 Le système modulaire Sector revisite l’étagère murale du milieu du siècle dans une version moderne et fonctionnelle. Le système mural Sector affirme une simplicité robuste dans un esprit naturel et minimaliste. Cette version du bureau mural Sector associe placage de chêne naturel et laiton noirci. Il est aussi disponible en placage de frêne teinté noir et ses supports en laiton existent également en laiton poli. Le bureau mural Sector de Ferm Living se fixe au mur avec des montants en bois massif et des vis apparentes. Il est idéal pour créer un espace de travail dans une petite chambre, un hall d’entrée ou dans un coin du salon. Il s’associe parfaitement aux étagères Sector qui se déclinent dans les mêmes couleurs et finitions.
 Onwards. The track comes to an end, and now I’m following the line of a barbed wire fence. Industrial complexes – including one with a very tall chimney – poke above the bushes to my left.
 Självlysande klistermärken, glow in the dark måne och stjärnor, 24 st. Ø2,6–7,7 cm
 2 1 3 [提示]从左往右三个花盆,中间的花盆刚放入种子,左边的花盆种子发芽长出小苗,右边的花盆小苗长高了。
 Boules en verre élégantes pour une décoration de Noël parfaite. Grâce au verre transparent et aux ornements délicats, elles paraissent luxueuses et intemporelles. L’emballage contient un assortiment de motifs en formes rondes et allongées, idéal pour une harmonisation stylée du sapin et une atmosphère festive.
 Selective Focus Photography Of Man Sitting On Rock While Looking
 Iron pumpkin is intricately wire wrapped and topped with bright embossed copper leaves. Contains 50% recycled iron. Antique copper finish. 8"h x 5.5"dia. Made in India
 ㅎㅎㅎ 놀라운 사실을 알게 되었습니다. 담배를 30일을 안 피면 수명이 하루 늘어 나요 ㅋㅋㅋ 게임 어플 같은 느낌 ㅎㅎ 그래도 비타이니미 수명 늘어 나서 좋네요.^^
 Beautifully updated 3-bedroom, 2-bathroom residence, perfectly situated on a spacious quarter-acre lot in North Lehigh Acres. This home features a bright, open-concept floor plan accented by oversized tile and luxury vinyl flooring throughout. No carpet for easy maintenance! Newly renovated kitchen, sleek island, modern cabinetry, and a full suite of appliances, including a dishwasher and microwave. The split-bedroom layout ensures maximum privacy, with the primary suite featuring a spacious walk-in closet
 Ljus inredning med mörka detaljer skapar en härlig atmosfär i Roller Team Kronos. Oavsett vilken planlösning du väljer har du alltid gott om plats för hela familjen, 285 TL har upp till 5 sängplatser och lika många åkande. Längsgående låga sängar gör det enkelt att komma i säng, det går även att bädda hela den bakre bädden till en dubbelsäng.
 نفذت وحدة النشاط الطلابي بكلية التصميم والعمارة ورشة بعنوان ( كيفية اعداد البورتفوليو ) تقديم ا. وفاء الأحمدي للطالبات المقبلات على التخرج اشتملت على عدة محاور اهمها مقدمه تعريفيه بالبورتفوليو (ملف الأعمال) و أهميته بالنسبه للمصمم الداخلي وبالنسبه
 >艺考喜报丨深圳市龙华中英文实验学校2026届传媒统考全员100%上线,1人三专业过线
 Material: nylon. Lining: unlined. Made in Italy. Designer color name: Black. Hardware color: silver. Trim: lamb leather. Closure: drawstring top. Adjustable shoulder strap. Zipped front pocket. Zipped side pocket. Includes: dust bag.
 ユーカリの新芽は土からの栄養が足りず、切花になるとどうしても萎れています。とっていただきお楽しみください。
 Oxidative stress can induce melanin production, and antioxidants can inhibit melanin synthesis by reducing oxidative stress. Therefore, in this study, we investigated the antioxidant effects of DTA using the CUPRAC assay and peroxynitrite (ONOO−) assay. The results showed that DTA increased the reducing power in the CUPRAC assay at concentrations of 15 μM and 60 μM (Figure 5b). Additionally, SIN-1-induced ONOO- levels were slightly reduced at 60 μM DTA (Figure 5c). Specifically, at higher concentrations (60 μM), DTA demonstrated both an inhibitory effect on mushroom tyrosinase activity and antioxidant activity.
·····
Work to complete →
For the word "wire", return every line of the records that holds it.

Answer to the exercise →
 Onwards. The track comes to an end, and now I’m following the line of a barbed wire fence. Industrial complexes – including one with a very tall chimney – poke above the bushes to my left.
 Iron pumpkin is intricately wire wrapped and topped with bright embossed copper leaves. Contains 50% recycled iron. Antique copper finish. 8"h x 5.5"dia. Made in India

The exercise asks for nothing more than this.